Expedition- Summerlands
Page 25
Cass’s superior expression collapsed as she took my hands. “You did do a better job than me.”
I laughed in disbelief. “Are you kidding?”
“I tried, believe me,” she said. “But I choked. Every time. If I can’t lead when it counts, I can’t lead at all.”
“You led us for five years,” Noah said.
“He’s right,” I said. “We wouldn’t be here if not for you. You made us learn how to fight, cast spells, survive in the wilderness… we all wanted to give up sometimes, but you never doubted yourself, not once.”

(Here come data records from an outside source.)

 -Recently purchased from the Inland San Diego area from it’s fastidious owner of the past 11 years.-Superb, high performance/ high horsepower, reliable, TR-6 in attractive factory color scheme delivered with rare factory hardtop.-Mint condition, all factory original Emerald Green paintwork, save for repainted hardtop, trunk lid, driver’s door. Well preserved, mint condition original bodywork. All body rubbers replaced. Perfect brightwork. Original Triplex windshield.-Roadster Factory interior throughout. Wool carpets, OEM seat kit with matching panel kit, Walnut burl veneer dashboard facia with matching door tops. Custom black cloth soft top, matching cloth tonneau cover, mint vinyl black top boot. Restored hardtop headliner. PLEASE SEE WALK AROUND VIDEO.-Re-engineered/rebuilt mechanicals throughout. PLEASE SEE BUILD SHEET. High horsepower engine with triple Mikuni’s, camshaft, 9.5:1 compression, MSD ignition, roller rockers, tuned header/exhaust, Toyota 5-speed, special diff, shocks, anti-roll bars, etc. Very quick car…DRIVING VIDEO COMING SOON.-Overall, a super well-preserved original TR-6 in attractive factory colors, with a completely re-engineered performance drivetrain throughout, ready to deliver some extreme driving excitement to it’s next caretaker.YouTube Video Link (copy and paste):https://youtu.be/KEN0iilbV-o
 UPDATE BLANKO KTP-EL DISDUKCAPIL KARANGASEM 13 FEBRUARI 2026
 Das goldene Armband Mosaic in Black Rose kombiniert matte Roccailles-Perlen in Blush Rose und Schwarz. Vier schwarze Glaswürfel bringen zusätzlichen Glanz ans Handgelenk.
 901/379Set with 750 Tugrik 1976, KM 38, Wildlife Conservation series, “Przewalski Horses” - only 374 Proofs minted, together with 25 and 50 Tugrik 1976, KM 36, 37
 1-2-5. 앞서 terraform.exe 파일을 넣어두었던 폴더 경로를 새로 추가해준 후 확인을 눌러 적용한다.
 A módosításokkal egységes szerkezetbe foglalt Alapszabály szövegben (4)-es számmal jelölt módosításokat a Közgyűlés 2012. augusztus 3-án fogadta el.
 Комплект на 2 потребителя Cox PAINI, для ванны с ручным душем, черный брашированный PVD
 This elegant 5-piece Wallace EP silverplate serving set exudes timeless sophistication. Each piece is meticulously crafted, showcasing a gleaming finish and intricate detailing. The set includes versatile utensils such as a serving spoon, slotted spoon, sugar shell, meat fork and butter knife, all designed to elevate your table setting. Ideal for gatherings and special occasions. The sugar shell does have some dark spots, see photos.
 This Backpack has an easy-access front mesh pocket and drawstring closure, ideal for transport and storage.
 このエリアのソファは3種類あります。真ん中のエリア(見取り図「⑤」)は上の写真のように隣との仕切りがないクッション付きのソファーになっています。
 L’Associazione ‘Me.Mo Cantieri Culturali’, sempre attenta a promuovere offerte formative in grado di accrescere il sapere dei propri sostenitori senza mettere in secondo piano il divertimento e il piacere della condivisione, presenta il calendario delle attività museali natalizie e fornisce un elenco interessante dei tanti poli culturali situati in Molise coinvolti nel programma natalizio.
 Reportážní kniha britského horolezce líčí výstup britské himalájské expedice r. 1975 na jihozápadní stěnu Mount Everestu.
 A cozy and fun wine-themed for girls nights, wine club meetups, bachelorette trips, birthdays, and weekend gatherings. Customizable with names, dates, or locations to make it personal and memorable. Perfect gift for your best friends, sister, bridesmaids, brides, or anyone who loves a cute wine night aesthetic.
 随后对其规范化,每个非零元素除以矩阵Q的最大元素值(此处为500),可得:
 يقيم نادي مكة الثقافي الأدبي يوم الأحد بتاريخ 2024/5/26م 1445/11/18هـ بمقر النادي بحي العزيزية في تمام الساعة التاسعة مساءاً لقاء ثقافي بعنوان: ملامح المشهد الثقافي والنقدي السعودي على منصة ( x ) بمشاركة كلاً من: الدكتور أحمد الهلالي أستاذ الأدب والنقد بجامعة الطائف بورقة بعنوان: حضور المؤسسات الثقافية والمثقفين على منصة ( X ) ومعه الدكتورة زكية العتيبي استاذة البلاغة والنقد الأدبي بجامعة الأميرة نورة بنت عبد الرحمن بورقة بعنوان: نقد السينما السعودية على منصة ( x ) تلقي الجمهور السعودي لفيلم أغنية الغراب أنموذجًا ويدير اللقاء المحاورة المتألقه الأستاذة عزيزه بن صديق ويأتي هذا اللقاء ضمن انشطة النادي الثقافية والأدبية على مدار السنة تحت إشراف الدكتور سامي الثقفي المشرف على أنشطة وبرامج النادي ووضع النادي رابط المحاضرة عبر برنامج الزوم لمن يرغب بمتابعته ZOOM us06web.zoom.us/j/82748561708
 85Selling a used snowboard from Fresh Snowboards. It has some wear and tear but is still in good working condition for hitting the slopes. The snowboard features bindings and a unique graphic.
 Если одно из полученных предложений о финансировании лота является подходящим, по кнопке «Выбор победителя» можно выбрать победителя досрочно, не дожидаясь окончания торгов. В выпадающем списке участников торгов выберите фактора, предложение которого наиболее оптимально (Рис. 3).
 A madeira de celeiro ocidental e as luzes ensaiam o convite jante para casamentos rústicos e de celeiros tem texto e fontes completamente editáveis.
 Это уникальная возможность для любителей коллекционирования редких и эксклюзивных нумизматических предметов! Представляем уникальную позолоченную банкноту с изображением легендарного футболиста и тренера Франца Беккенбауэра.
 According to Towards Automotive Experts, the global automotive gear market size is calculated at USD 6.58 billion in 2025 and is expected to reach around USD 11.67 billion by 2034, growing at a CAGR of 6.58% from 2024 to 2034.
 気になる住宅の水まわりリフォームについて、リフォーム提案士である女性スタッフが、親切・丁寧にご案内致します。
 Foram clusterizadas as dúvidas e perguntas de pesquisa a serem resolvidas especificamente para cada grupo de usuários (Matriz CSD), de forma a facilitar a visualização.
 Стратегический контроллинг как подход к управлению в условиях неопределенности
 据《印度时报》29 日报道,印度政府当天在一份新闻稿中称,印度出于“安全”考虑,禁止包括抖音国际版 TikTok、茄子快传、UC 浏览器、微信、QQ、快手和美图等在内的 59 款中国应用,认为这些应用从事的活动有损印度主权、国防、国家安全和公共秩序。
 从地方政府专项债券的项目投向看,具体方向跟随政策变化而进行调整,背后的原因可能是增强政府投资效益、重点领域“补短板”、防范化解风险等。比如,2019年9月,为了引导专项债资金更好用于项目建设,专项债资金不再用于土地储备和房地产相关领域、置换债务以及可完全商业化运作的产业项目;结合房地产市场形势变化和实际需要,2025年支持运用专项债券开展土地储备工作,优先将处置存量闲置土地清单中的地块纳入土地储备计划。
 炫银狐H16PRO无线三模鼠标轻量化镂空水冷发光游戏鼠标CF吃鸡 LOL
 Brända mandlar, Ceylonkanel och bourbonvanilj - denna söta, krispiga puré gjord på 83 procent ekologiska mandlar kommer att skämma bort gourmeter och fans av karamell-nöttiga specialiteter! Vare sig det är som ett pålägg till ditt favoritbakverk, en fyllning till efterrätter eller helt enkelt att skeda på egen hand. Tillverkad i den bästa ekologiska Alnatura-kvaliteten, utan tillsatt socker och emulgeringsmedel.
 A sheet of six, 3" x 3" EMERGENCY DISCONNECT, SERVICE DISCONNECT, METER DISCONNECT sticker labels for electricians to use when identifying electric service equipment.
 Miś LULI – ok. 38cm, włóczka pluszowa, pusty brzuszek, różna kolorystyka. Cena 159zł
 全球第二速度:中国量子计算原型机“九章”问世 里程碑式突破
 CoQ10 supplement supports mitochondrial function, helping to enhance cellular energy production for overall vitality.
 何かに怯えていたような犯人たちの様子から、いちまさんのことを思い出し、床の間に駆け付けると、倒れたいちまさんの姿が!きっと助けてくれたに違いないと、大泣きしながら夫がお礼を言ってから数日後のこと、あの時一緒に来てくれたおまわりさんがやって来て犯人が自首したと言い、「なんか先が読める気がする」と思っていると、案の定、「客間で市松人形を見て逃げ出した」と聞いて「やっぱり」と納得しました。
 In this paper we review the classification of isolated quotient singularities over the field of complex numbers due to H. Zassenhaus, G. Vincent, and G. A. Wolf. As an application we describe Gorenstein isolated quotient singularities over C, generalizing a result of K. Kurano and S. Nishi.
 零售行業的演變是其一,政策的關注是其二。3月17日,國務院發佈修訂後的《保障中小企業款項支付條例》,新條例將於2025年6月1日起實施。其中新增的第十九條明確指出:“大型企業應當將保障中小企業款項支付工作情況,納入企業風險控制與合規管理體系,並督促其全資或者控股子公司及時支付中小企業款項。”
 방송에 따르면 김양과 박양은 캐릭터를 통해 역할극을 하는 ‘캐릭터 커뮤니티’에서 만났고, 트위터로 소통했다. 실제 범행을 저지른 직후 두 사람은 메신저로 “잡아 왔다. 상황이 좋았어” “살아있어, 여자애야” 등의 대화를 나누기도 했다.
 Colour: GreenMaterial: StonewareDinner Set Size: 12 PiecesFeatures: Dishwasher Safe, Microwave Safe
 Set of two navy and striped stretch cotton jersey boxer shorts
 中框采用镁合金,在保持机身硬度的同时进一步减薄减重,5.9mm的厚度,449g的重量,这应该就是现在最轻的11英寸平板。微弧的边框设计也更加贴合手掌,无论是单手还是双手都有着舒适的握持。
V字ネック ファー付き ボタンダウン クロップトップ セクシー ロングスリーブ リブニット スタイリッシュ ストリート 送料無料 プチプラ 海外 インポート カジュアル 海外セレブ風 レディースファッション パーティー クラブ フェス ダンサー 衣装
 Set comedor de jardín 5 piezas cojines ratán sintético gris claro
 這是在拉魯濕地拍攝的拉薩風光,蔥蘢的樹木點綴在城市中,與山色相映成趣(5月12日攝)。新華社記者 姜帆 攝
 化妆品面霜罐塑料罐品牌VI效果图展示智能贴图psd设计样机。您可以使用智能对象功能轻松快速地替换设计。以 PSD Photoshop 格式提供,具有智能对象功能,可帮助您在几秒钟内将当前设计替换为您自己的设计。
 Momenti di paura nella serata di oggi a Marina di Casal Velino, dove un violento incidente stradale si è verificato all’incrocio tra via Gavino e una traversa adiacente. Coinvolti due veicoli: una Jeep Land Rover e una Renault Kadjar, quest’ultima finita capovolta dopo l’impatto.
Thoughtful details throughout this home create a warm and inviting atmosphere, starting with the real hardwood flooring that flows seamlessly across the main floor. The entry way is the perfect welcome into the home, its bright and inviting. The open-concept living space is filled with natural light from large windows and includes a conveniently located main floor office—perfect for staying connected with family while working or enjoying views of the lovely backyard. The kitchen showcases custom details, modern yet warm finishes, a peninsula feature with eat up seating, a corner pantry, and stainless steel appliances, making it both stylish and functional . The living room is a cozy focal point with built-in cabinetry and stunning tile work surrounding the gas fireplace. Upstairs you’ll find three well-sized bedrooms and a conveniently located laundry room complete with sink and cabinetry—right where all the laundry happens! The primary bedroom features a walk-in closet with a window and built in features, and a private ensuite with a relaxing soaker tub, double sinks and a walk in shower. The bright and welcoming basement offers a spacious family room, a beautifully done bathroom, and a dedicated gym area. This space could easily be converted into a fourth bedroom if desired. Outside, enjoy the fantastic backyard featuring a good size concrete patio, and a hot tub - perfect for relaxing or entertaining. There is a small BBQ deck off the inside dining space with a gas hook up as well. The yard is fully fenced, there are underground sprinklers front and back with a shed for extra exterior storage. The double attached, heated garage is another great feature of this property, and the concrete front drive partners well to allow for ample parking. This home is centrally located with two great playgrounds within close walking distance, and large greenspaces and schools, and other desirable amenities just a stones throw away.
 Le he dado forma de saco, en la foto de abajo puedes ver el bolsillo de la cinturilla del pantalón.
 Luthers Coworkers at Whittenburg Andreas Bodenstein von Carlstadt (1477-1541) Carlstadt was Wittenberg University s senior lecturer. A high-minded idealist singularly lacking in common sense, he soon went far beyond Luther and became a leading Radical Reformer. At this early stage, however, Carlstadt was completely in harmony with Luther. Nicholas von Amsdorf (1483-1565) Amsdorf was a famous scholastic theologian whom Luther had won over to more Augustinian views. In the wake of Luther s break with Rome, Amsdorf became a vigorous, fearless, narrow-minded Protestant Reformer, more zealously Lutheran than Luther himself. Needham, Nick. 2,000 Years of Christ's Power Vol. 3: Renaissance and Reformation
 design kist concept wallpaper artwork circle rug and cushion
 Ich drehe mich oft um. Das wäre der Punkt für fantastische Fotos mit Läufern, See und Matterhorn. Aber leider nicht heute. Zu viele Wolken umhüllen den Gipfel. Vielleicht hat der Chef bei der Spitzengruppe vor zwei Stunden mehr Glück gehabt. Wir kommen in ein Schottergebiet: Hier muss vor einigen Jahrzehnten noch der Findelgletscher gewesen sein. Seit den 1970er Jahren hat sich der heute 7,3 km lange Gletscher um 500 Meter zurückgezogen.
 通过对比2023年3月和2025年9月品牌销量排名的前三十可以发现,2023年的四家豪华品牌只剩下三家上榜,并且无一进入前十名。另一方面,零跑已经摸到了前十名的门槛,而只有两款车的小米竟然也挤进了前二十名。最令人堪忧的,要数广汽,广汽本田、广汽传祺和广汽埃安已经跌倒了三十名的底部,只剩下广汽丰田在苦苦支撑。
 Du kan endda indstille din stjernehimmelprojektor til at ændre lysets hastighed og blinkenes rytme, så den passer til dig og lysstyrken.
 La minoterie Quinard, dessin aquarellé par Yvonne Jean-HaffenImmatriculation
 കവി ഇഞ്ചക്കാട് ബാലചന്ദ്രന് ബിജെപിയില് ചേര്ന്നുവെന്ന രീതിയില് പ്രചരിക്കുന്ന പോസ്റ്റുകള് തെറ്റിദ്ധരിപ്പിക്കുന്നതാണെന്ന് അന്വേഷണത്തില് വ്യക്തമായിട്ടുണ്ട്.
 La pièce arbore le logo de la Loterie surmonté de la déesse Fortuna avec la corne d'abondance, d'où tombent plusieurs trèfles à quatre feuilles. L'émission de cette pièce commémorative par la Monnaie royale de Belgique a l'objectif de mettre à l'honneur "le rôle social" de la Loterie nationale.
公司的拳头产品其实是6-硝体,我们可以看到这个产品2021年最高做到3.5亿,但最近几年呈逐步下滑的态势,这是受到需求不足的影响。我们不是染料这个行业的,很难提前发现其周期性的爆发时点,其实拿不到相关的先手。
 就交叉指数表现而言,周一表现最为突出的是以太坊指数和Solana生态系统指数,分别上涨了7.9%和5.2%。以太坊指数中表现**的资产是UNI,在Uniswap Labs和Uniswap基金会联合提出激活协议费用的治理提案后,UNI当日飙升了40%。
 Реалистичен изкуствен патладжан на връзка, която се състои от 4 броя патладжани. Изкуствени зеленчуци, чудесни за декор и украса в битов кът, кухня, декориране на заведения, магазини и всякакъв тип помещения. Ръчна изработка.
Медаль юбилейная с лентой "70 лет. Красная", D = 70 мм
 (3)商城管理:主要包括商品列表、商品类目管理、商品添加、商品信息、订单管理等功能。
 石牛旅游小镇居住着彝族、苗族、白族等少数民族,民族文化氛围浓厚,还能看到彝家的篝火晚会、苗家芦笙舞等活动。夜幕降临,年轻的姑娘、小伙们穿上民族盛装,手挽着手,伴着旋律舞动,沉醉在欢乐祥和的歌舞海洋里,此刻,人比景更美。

“Until Jason died.” Cass let go of my hands. “Don’t you get it? He died trying to save me from my own stupid decisions. If I’d listened to him and run, he’d still be alive. Every time we’re in danger I see him lying there on the kitchen floor… and I remember that I’ve got no goddamn right to tell anyone what to do.”
I threw my arms around her and pulled her close as I tried to think of something, anything, I could say to take her pain away. How could I apologize for not seeing what she was going through all this time? How could I show her that out of everyone touched by Jason’s death, not one of us blamed her? How could I possibly explain why on the day Cass and I met, just two six-year-olds on the block, I’d sworn in my heart to follow her to the end of the Earth?
“What kind of trouble?” asked Noah.
“What?” I blinked.
“You said we were in so much trouble,” Noah said. “What kind?”
I let Cass go and though I didn’t know whether the tears gleaming on her cheek were hers or mine, there was tiny fraction of a smile beneath them, and it was enough.
“The Eldest,” I said to Noah. “That old elf who judged us. He sentenced the three of you to… to death.” I shook my head. “He spared me, God knows why.”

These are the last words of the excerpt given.